‘Rules’ for Effective Business Plans

Business Plans

You only get one chance to persuade each target that your project, of the hundreds they see, is worth staking their hard-earned, risk free, money on.

Effective Business Plans

Investors are experienced people confident in their decision making. If not impressed first time, there will be no second chance.

Your business plan must swiftly and effectively communicate your proposition, demonstrate that you are competent, that your proposition is practical, and inspire confidence. Most business plans do not do this – so by taking care you will have an edge.

‘Rules’ of Effective Business Plans

Though in entrepreneurship there are no rules, to produce an effective business plan this is as close as it gets:

• keep your language clear and concise — think of the reader who will lose interest if confronted with waffle. Use diagrams, graphs and tables where possible.

• double-check that you have clearly described the opportunity — investors tell us most plans fail to immediately and effectively communicate to the reader what they are trying to do. KI(R)SS: Keep It Really Simple Stupid.

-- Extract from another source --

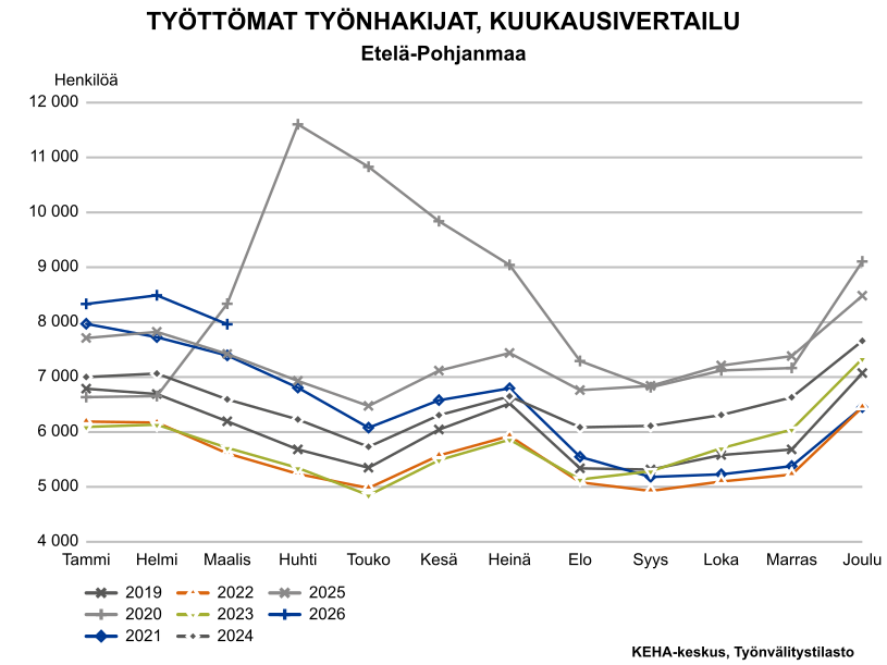 Etelä-Pohjanmaalla maaliskuun lopussa 7964 työtöntä työnhakijaa

• have others review it — have a person, even a few people, review your plan critically to ensure that it is clear, concise, complete, compelling, and inspires confidence. This is free and vital feedback and a ley person should understand it.

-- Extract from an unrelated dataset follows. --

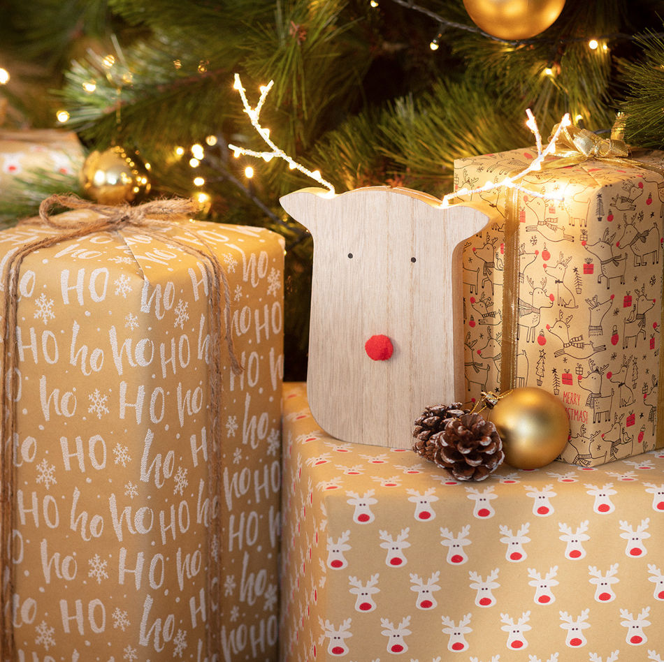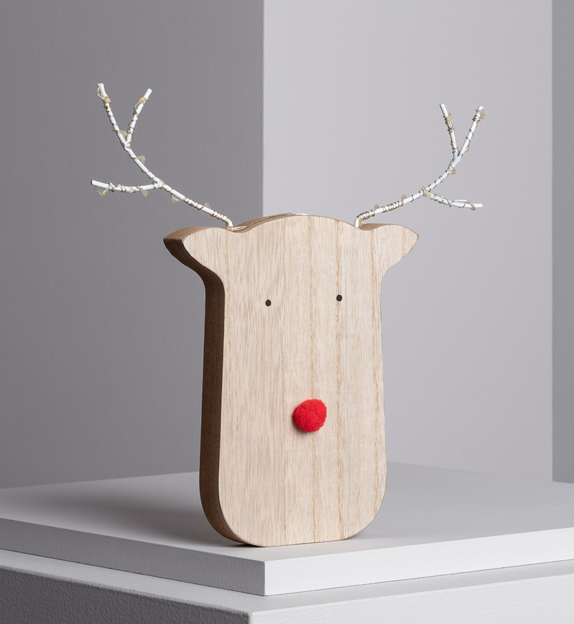 ,Świąteczny renifer LED drewniany na baterie

• ensure it is easily ‘verifiable’ — everything you say should be able to be easily substantiated. Do not make general statements without supporting them with a reputable source, and concrete data. State the sources of your information in the document. This independent evidence will support your model.

• make sure you have quantified the market size, major trends, and your objectives — do not draw spurious links: if you have an idea for a molecule that might deal with a specific area do not quote the size of the global healthcare market! Be relevant and specific with information.

• explain the assumptions behind your financial plan — including how your sales forecasts (or just cost forecasts if at concept stage) have been arrived at, communicating the supporting logic and that the financial data flows out of the model, is consistent with it, and is realistic.

• avoid excessive salaries or benefits — Ensure your plan does not include excessive salaries and benefits for the management team, such as a Porsche, particularly before the company delivers results, this is a big investor turn-off.